Il cantuccio si presenta come un biscotto oblungo di circa dieci centimetri. La sua forma deriva dal taglio in diagonale che viene dato al filone di impasto al termine della prima cottura. L’impasto prevede questi ingredienti: farina bianca, poco lievito, miele, zucchero, uova e burro. Il composto viene poi impastato a lungo, finché non raggiunge una consistenza morbida ed elastica. Solo alla fine si aggiungono le mandorle sgusciate che devono essere dolci, ma rigorosamente con la buccia. Si maneggia ancora un po' il composto, che poi viene diviso in lunghi filoni da cuocere in forno per circa 20 minuti.

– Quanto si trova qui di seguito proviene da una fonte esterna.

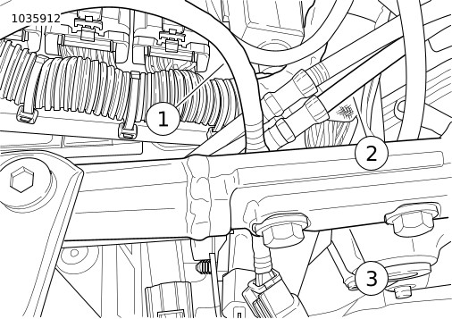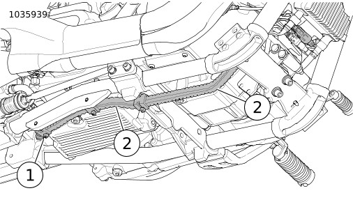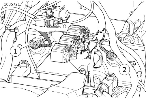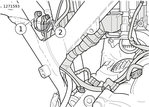 | 14. | ראה איור 44. חיישן החמצן הקדמי (כבל חיבור ארוך של הרתמה): a. נתב את רתמת החיווט של המחבר מחוץ לתא המצבר, דרך צדו האחורי. b. אתר את רתמת החיווט הראשית (1) המובילה למוביל רתמת החיווט (2). c. נתב את רתמת החיווט לאורך המארז של רתמת החיווט הראשית (2) לעבר המחבר של חיישן החמצן הקדמי. d. חבר את מחברי החיישן. | |||||||||

Ecco il momento clou: dopo una decina di minuti di riposo i filoni si tagliano a mano con il famoso taglio obliquo. A questo punto vanno rimessi in forno a temperatura più bassa per terminare la cottura. È proprio questo passaggio a regalare la consistenza biscottata tipica del cantuccio. Per rispettare il disciplinare ogni biscotto non deve pesare meno di 15 g, lo spessore non superare gli 2,8 cm e la presenza di mandorle non deve essere inferiore al 20% per chilogrammo. Vero e proprio sapore della tradizione toscana, i cantucci devono essere confezionati nell’area geografica delimitata in modo che l’eventuale umidità non ne pregiudichi la croccantezza.

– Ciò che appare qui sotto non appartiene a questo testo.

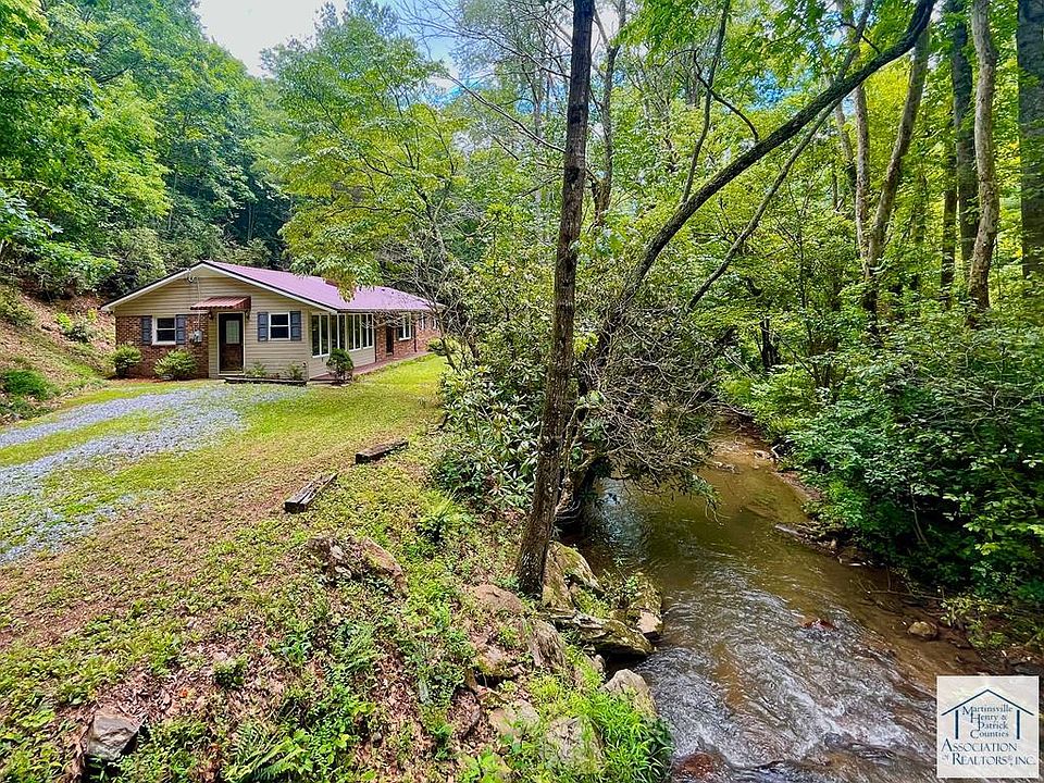 Are you looking for a place of your own, nestled in the woods, right by the water, and with the peaceful sounds of nature's beauty all around you? Stop looking because 576 Poorhouse Creek Road is your new home, or home away from home! Located in Stuart, VA, this 1/2 acre property sits right off the creek and is a nature lover's dream come true! Head across the bridge and over the creek, listening to the babbling of the creek below, and be struck by the beautiful rhododendrons that grace its shores in spring and summer. The home, itself, features apx. 1,537 finished sq. ft., including a formal living room with gas fireplace, a primary bedroom suite with a shower bath, two additional bedrooms, a second hall bath with tub/shower, kitchen, laundry room, and a spacious family/sun room that overlooks the yard and river beyond. Once the carport, the owner enclosed it and made this a truly peaceful space to read, relax, crank the windows...and drift away. In addition to this, the owner has made many other improvements over the years, including: vinyl siding; metal roof replacement; drainage improvements, double-pane windows; laminate floors; bath updates, and fresh paint! Several electric wall heaters, the fridge, dishwasher, oven hood, and hot water heater have all, too, recently been replaced. Commuter-friendly! 30 min. to Martinsville, 60 to Winston Salem, 1.5 hr. to Roanoke/Greensboro! We look forward to seeing you at 576 Poorhouse Creek Road, your creekside retreat!

Consigli per mangiare i Cantucci

Il Cantuccio è unito da un matrimonio longevo e gratificante con il Vin Santo del Chianti, ma anche con il Marsala invecchiato ad esempio o con un Passito di Pantelleria. Chi conosce il bon ton sa che il cantuccio non andrebbe intinto nel vino, ma non riuscirete mai a convincere un vero toscano a fare il contrario. Il cantuccio si può gustare tranquillamente da solo, ma le esportazioni in Giappone e Stati Uniti ci hanno insegnato ad accompagnarlo al o a una tazza di caffè. Su qualsiasi consistenza cremosa si può sbriciolare un crumble di cantucci. Inoltre, questi biscotti possono essere serviti in abbinamento a panna montata, crema pasticcera o usati come base per un tiramisù. Non è difficile preparare i cantucci in casa e conservarli. Questi biscotti possono durare per diverse settimane in una scatola di latta foderata con carta forno.